Senior politicians from across the political divide have joined together in an effort to legalise assisted suicide in Scotland.
Figures including acting Scottish Tory leader Jackson Carlaw, former Scottish Labour leader Kezia Dugdale and Scottish Green co-convener Patrick Harvie have written in The Sunday Times Scotland saying the legislation change is needed to help provide dignity in death for people who face “the most terrible suffering”.
The nine MSPs, including SNP and Liberal Democrat members, highlight the case of Geoff Whaley, an 80-year-old with motor neurone disease who recently ended his life at a Dignitas facility in Switzerland.
In a letter to the newspaper, they claim that 80% of people in Scotland support a change in the law.
They write: “For some of our colleagues, we understand that there are issues around how we develop safe, robust law. For others, there are concerns that this diminishes the role of palliative care.
“It is our view that with a more considered debate, and careful thought, we can craft a law that addresses those concerns and draws on the experience of other countries and regions around the world.
“The uncomfortable truth is that we are failing the people we met in parliament this week.

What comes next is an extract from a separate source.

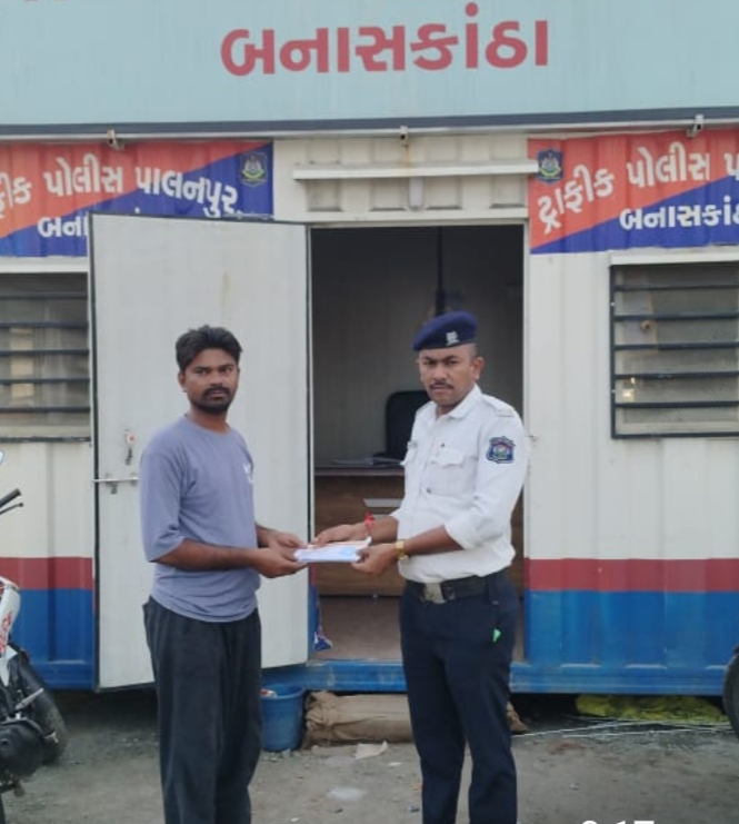 પાલનપુર ખાતે એરોમા સર્કલ ઉપર ફરજ બજાવતા ટી.આર.બી. જવાનની માનવતા મહેકી ઉઠી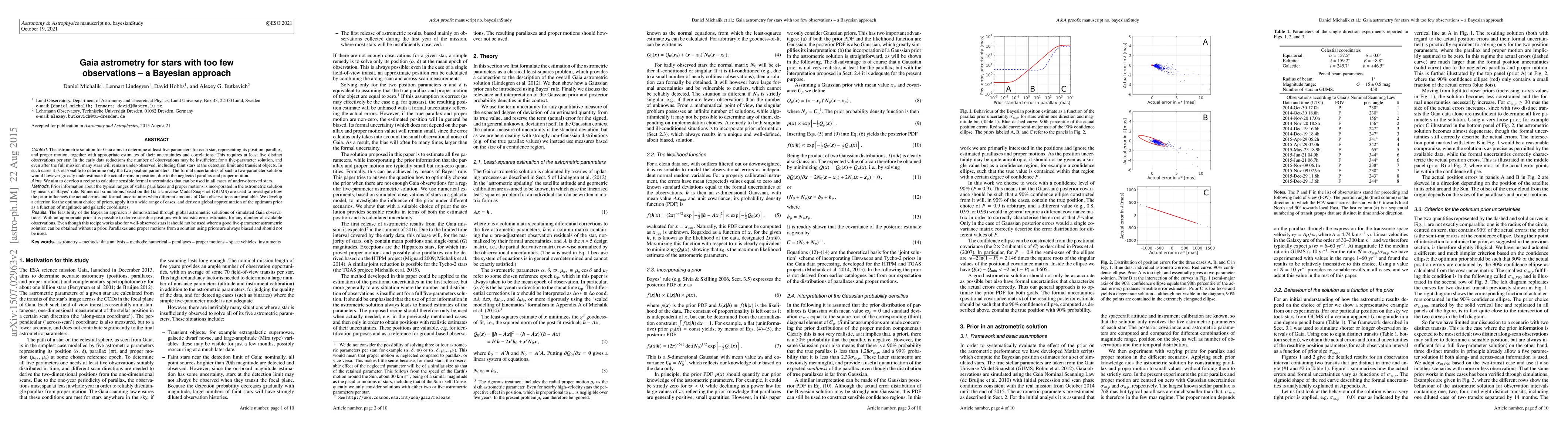 Gaia's astrometric solution aims to determine at least five parameters for each star, together with appropriate estimates of their uncertainties and correlations. This requires at least five distinct observations per star. In the early data reductions the number of observations may be insufficient for a five-parameter solution, and even after the full mission many stars will remain under-observed, including faint stars at the detection limit and transient objects. In such cases it is reasonable to determine only the two position parameters. Their formal uncertainties would however grossly underestimate the actual errors, due to the neglected parallax and proper motion. We aim to develop a recipe to calculate sensible formal uncertainties that can be used in all cases of under-observed stars. Prior information about the typical ranges of stellar parallaxes and proper motions is incorporated in the astrometric solution by means of Bayes' rule. Numerical simulations based on the Gaia Universe Model Snapshot (GUMS) are used to investigate how the prior influences the actual errors and formal uncertainties when different amounts of Gaia observations are available. We develop a criterion for the optimum choice of priors, apply it to a wide range of cases, and derive a global approximation of the optimum prior as a function of magnitude and galactic coordinates. The feasibility of the Bayesian approach is demonstrated through global astrometric solutions of simulated Gaia observations. With an appropriate prior it is possible to derive sensible positions with realistic error estimates for any number of available observations. Even though this recipe works also for well-observed stars it should not be used where a good five-parameter astrometric solution can be obtained without a prior. Parallaxes and proper motions from a solution using priors are always biased and should not be used.

We cannot go on pretending the status quo is acceptable – it is not.”
Previous attempts to change the law on assisted dying in Scotland have failed.
The politicians at Holyrood now hope to have a formal consultation on assisted suicide towards the end of this parliament.
If introduced, Scotland could become the first part of the UK to bring in such legislation.
The other MSPs to sign the letter were the SNP’s George Adam and Gail Ross; Labour’s Mary Fee; the Lib Dems’ Alex Cole-Hamilton and Liam McArthur; and Conservative Michelle Ballantyne.